Рон, который начал путешествие в бодром настроении, показывал мне местные достопримечательности и пел вместе с радио, теперь имеет вид приговоренного к смерти. Арпад просовывает голову в окно: «Вы пойдете с нами, Рон, или снова будете прятаться в машине?» Рон выходит и хмуро следует за нами. Это его четвертый поход в сектор, но он никак не может привыкнуть. Дело не в том, что здесь мертвые (Рон многократно видел тела погибших в автокатастрофах людей, когда работал репортером в газете), его смущает вид и запах гниющих тел. «Этот запах преследует вас, – говорит он. – Или вам так кажется. После моего первого визита мне пришлось двадцать раз вымыть лицо и руки».

Сразу за воротами на столбах установлены два старых почтовых ящика, как будто кто-то из обитателей сектора хотел убедить почтовых работников в том, что смерть, как и дождь, снег или град, не в состоянии помешать регулярной работе почтовой службы США. Арпад открывает один из ящиков и вытаскивает из него бирюзовые хирургические перчатки – две для себя и две для меня.

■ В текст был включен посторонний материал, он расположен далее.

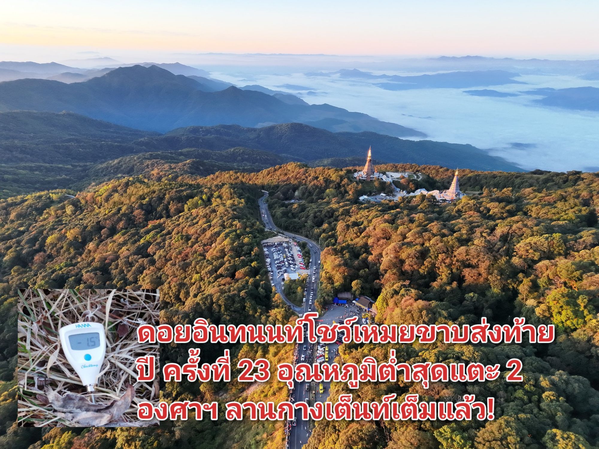 ดอยอินทนนท์โชว์เหมยขาบส่งท้ายปี ครั้งที่ 23 อุณหภูมิต่ำสุดแตะ 2 องศาฯ ลานกางเต็นท์เต็มแล้ว!
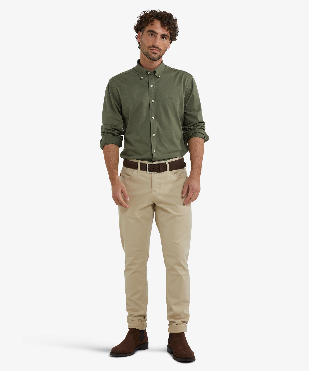 This shirt is made from a premium blend of 95% cotton and 5% elastane for a comfortable fit with a touch of stretch. It has a regular fit, long sleeves, a button-down collar, and a subtle McGregor logo on the chest. A versatile and stylish piece, suitable for both casual and smart-casual outfits.
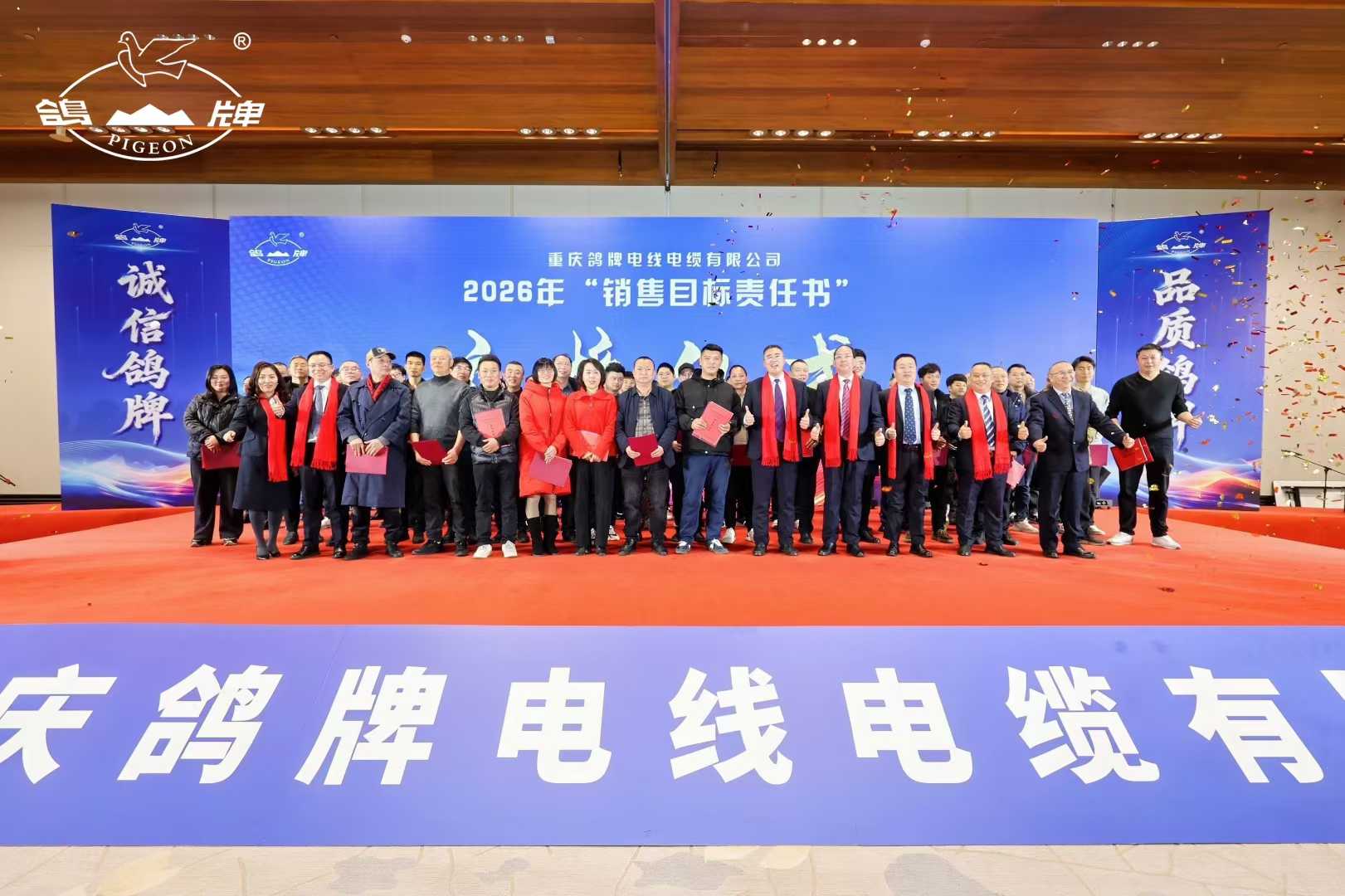 目前,公司鸽牌系列产品被评为“国家质量AA信誉资质”、“重庆名牌产品”;鸽牌公司被授予“全国五一劳动奖状”、“国家高新技术企业”、“全国工业品牌培育示范企业”、“国家级绿色工厂”、“重庆老字号”等多项称号,蝉联11届“中国线缆产业最具竞争力企业100强”,连续14年入选“重庆制造业企业100强”,连续17年入选“重庆企业100强”。
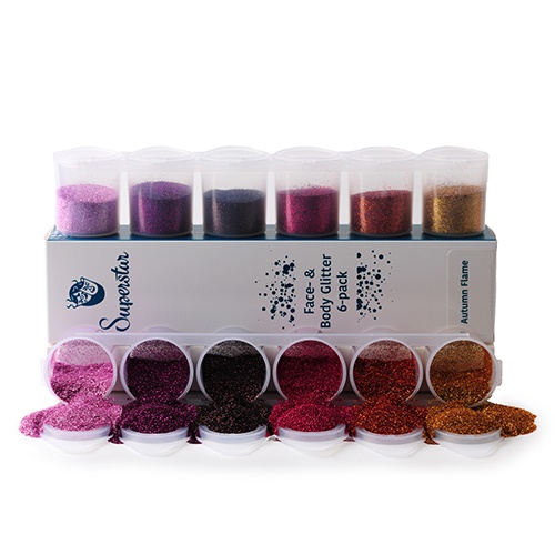 El paquete de 6 colores Autumn Flame Fine Glitter Mix es imprescindible para tu kit de maquillaje. Puede agregar acentos brillantes de una manera rápida y fácil. La purpurina es adecuado tanto para la piel como para el cabello. La purpurina del Fine Glitter Mix se puede aplicar directamente o en combinación con el Glitterless gel de Superstar (art. n.º 139-20.001). Ideal para hacer tatuajes con purpurina. Utilice el Superstar Body Glue (art. No. 139-92.1).
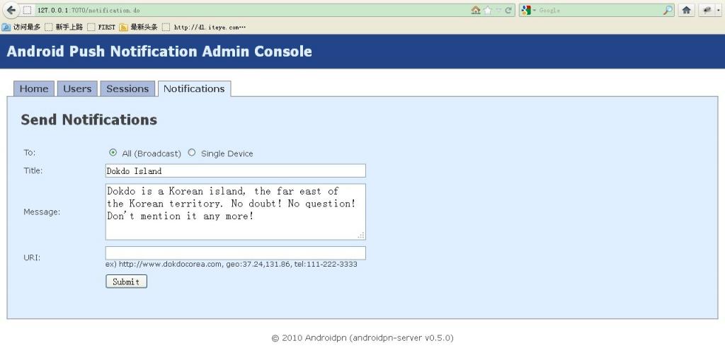 點擊Submit發(fā)送以后,可以在Android手機端看到接收的消息如下
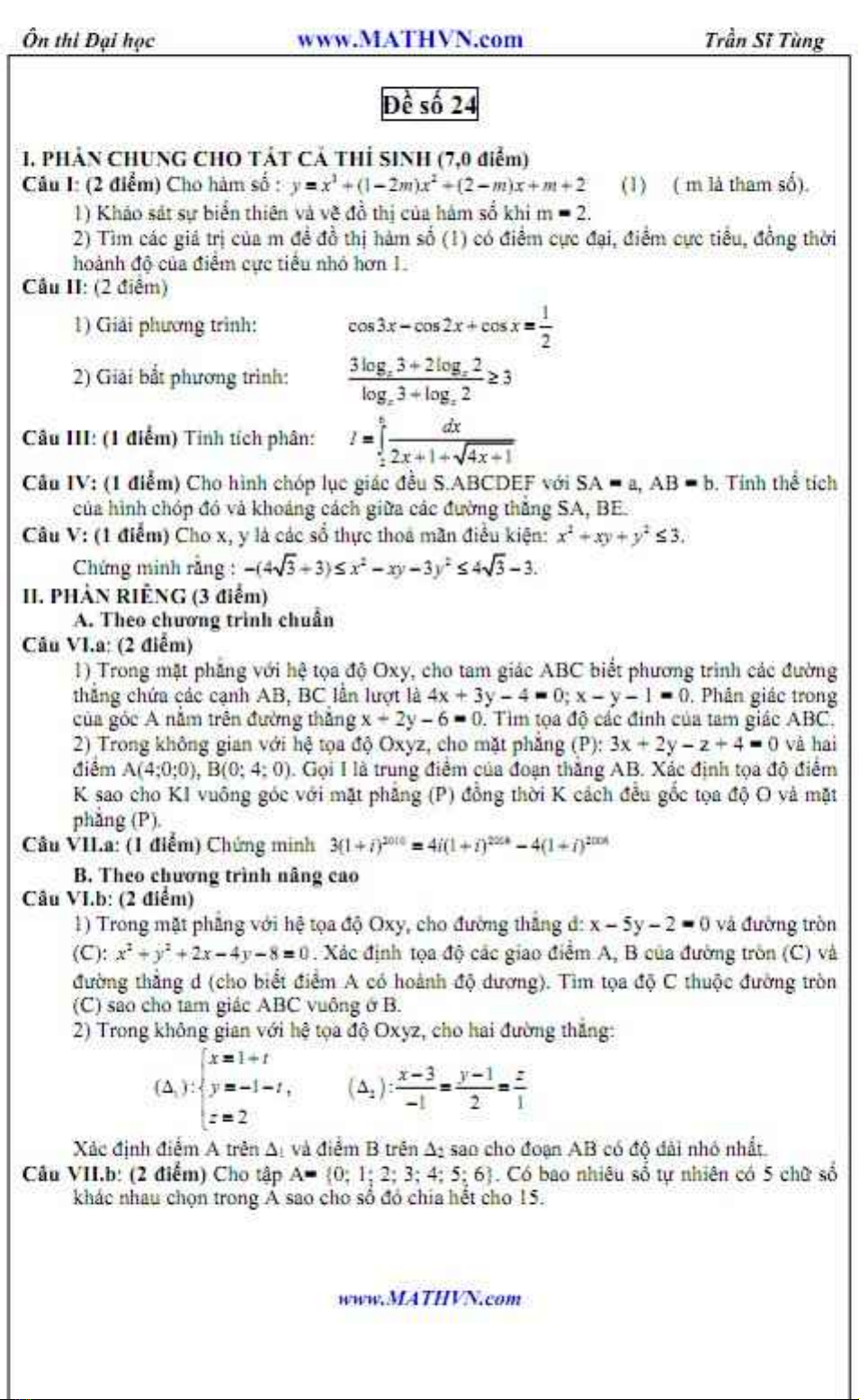 Đề ôn thi Đại học môn Toán - Trần Sĩ Tùng - Đề số 24
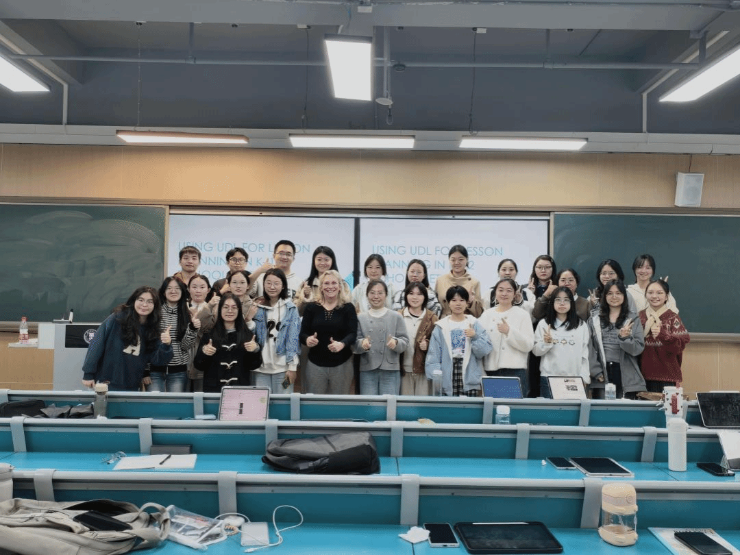 10月30日下午进行的第二场讲座以“运用通用学习设计进行教学设计”为主题。Cumming教授在深化理论阐释的基础上,结合丰富生动的教学案例,详细讲解了如何将通用学习设计的三大原则融入课程设计、教学活动及评估体系中。讲座特别设置了小组合作设计教案的互动环节,学生在教授引导下,运用通用学习设计模板分析潜在学习障碍并制定支持策略,随后进行现场分享与反思,实现了理论与实践的深度融合。
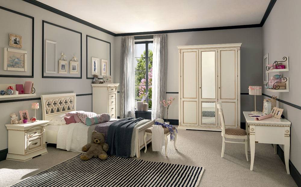 Мебель и все элементы декора должны быть очень нежными, плавными, немного воздушными; никакой агрессии или вычурности не допускается. Детская кроватка, столик и шкаф должны быть стилизованы под старину, поэтому дерево для такой мебели зачастую выбеливают, придавая ему налет потертости. Элементы старины добавят и резные ножки на мебели.
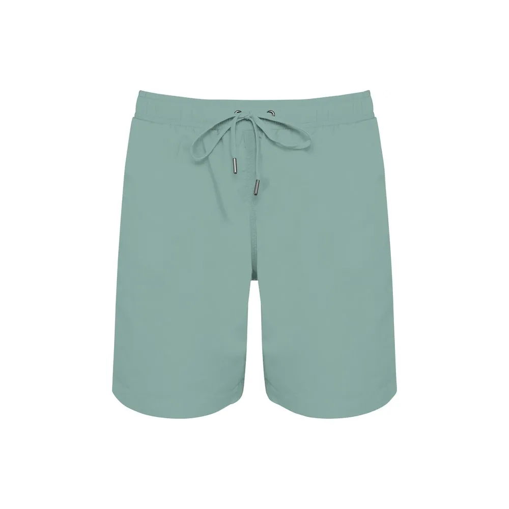 100% polyamide. Straight cut. 2 side pockets with mesh pocket bag. Point reinforcement at pockets, crotch, bottom of leg and back of waistband. Elasticated waistband with flat drawstring and metal tip. Mesh inner briefs with elasticated bias finish for comfort. Back welt pocket with zipper at nylon. Double needle at crotch and sides. No brand label on the waistband, only a size chip for easy customization.
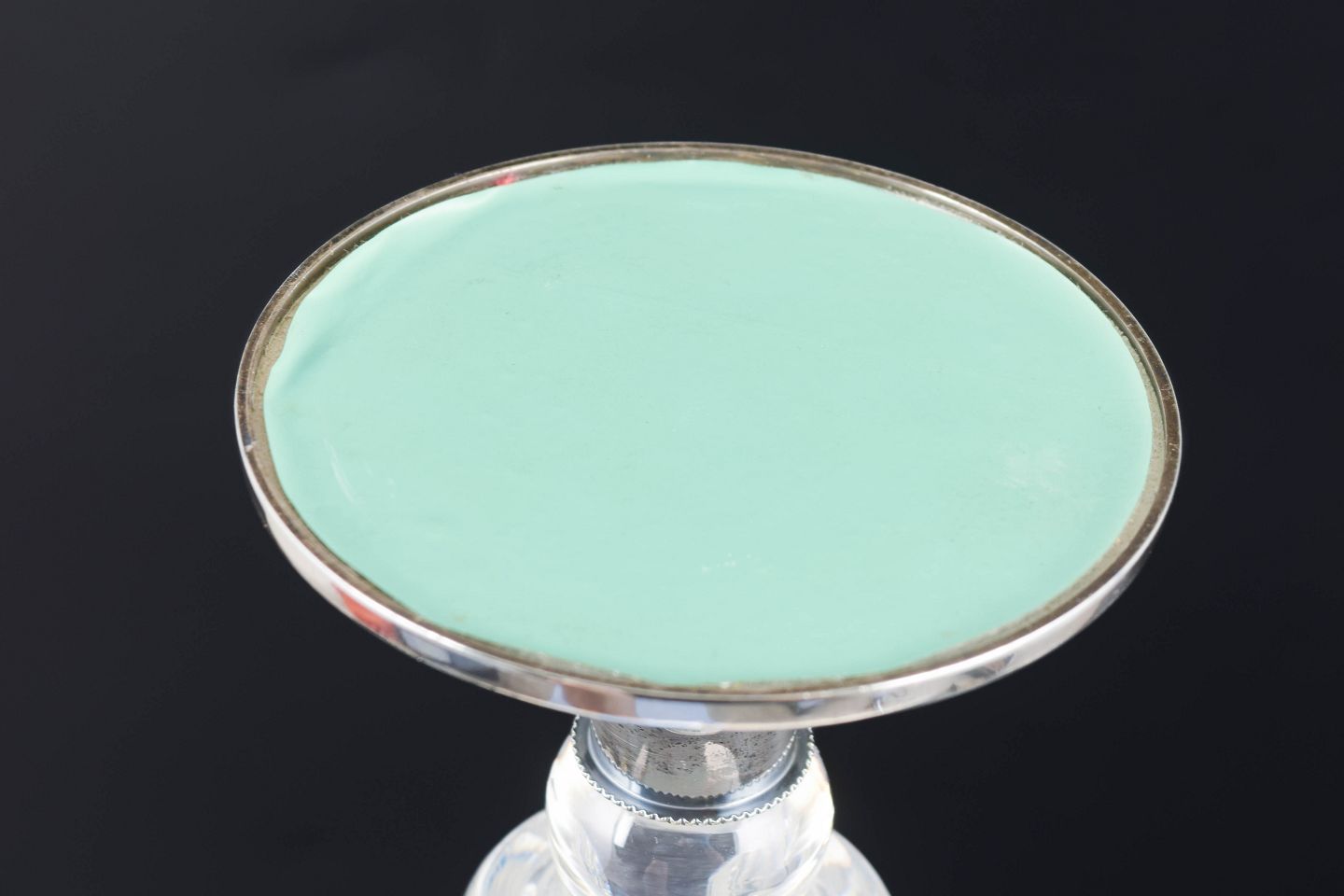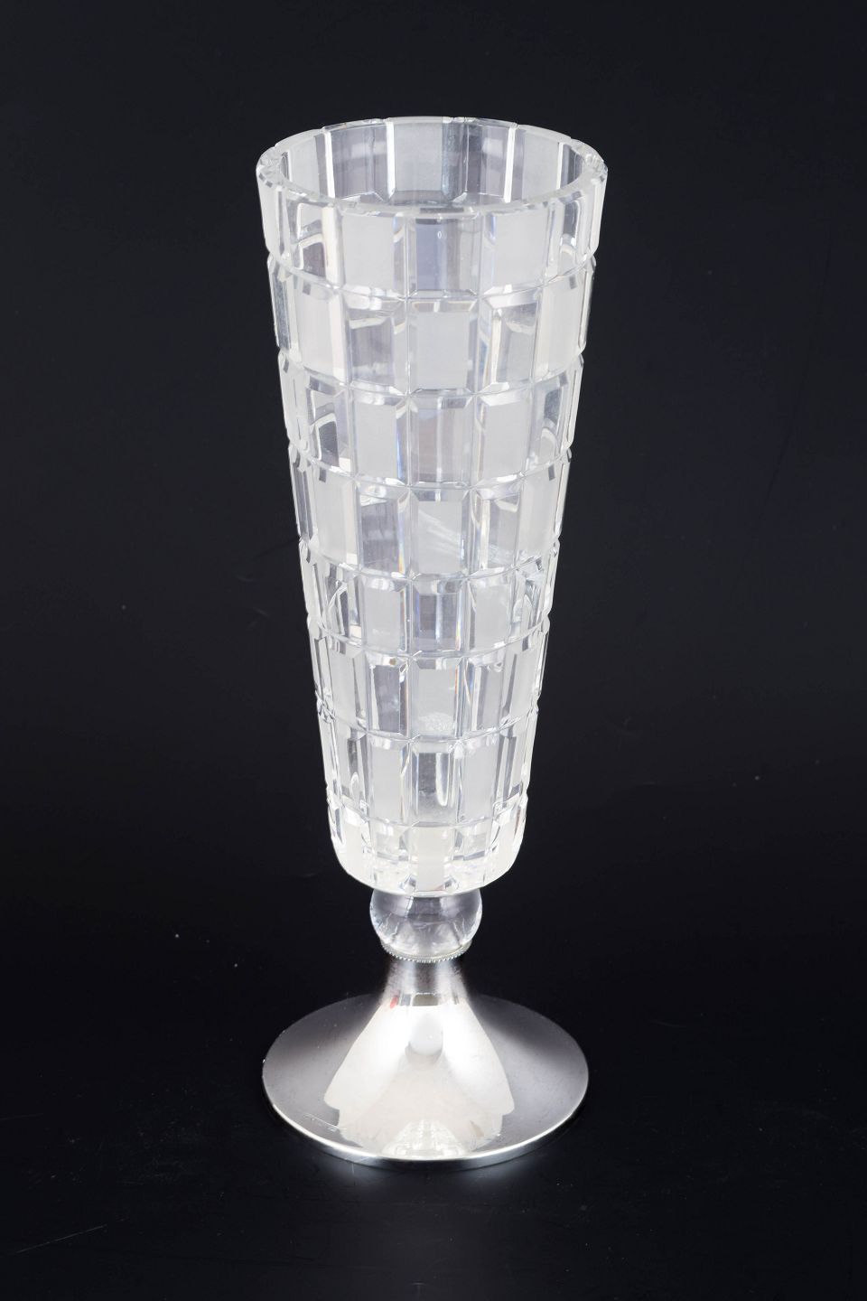 Modernistisk vase i slebet krystal med geometrisk mønster og fod i 813 sølv. Designet fremstår med klar, arkitektonisk struktur typisk for finsk glasdesign fra perioden.
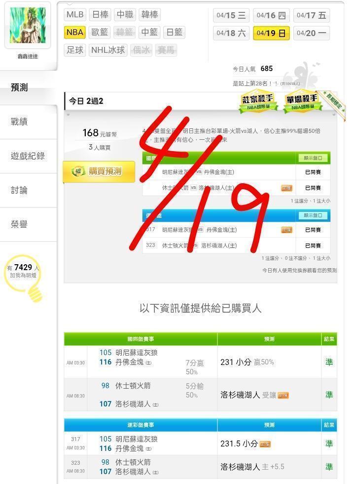 NBA >> ⭐⭐國際近10日13過10,明日主推台彩單場老鷹VS尼克,信心主推99%貓場50倍注,一次綠回來
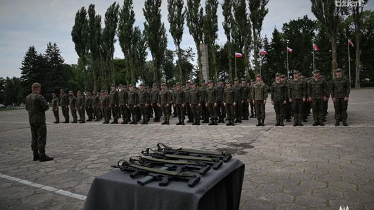 Zanim ochotnicy rozpoczęli ćwiczenia praktyczne w ramach szkolenia podstawowego, musieli dopełnić niezbędnych formalności, np. wypełnić dokumenty, pobrać mundury, odbyć szkolenie z BHP i test sprawności fizycznej. Wczoraj ochotnicy otrzymali karabinki MSBS GROT - swoją pierwszą broń, która będzie im towarzyszyć przez cały okres szkolenia.

Рону он не предлагает.

«Давайте начнем там», – Арпад показывает на тело крупного мужчины, находящееся от нас на расстоянии приблизительно десяти метров. На этом расстоянии вполне можно вообразить, что мужчина просто задремал, однако положение рук и полная неподвижность выдают перманентность его состояния. Мы идем в сторону тела. Рон остается около ворот, с сосредоточенным видом рассматривая устройство почтовых ящиков.

Как многие толстые мужчины в Теннесси, этот одет в удобную одежду: на нем тренировочные штаны и футболка с карманом. Арпад объясняет, что этот человек одет, поскольку один из студентов изучает влияние одежды на процесс распада тел. Обычно тела голые.